Think of it as our pet idiot god. Even though there's literally nothing in the internet that humans did not put there, at this point it's evolved to be its own life form. It is not a terrible stretch to call the internet a life form. I mean, it can even drive cars and play Jeopardy now. In most ways it does what we want; I type something into Wolfram Alpha and I get an answer. But you can also deal with it on the uncontrollable, societal level. Which is what the WBC just tried to do.
It's not surprising that the chans were the first to come to our attention as an expression of Net semisentience; they are not the only example at all -- Wikileaks and Facebook did more in Africa than the chans -- but they are the angriest and most in-your-face.
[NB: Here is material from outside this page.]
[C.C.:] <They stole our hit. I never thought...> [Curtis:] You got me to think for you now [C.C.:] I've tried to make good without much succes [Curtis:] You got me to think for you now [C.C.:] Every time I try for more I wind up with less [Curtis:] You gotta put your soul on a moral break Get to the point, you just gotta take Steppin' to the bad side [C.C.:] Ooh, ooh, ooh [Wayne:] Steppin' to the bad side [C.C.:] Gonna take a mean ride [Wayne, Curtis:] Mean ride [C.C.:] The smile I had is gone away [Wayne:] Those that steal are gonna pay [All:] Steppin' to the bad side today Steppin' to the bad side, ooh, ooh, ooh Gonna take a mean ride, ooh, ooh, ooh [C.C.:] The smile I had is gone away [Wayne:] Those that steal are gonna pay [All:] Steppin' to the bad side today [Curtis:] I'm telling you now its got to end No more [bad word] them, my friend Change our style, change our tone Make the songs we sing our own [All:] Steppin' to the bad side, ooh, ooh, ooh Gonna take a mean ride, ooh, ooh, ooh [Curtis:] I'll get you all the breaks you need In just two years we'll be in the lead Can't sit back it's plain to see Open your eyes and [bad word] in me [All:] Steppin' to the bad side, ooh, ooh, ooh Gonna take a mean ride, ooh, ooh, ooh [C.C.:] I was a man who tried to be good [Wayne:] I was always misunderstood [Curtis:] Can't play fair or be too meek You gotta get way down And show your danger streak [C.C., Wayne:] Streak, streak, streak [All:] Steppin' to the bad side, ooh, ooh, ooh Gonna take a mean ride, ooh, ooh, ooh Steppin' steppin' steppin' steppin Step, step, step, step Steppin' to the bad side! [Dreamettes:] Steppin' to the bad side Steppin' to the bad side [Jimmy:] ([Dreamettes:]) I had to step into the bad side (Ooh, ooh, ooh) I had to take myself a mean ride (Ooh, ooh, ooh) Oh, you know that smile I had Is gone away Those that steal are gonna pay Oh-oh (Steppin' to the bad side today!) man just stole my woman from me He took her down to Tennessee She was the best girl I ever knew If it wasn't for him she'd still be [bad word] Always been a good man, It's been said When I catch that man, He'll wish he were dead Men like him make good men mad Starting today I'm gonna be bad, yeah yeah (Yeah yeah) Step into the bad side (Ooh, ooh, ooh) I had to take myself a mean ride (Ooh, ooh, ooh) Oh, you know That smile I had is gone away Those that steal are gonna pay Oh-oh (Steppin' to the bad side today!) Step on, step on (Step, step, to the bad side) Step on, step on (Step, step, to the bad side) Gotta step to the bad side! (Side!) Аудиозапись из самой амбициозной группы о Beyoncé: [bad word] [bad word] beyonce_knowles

That's because they represent and aggregate teen angst and aggression. Metaphorically, they are a minor god of adolescence. The WBC is insane to go up against this -- they do not understand the situation. They are pitting their false god against the blind rage of the internet, and they think they're gonna, what? dot dot dot profit? Man, that is NOT how you make money on the web.
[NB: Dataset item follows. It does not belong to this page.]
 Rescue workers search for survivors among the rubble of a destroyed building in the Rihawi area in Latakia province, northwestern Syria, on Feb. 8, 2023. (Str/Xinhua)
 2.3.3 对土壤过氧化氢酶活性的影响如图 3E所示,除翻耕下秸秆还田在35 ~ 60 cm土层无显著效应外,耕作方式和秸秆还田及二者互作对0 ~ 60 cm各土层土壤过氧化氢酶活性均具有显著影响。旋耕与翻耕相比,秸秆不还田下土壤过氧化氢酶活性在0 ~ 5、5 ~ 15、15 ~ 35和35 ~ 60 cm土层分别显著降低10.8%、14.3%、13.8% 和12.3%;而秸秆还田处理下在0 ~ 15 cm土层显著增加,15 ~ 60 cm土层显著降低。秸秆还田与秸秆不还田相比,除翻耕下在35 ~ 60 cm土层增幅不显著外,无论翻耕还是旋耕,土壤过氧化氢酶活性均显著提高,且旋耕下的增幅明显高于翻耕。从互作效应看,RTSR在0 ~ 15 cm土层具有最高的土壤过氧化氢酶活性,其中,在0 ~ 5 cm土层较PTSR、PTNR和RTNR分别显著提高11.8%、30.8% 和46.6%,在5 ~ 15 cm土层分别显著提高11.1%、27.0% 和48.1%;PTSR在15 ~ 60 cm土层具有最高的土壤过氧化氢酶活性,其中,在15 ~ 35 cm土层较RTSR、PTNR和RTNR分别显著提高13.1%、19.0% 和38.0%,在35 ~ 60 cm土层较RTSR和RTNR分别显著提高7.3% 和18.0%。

Now, I'm not immune to the wrath of the internet because I know about it. Knowledge is little protection here, and like they say, if you hang out in the barbershop you're gonna get a haircut. At some point my interest in the chans is going to cause me trouble. If you knew a human being who acted like the chans do, would you be friends with them? Or, would you be surprised when it somehow went wrong?
I'm slightly down with Anonymous, because of events at SDCC 2008, but that doesn't mean anything -- there's no reason to believe that those events are stored in their institutional memory, and I have no idea who I was dealing with on the Anon side because they wore masks. All I know is they were dedicated. I would like to believe that Anon likes me but I know better. Nevertheless, I'm on their side. I trust them much more than these egocentric organizations they tilt against. I'm no sort of hacker, I barely even know what DNS stands for. But, to me, those people are heroes. They're making a difference and it's the right sort of difference. They bring the democratic future I desire much, much closer. It'll all go wrong someday, but right now it's great.
* Unless there's another, simpler explanation for her history that I have yet to see.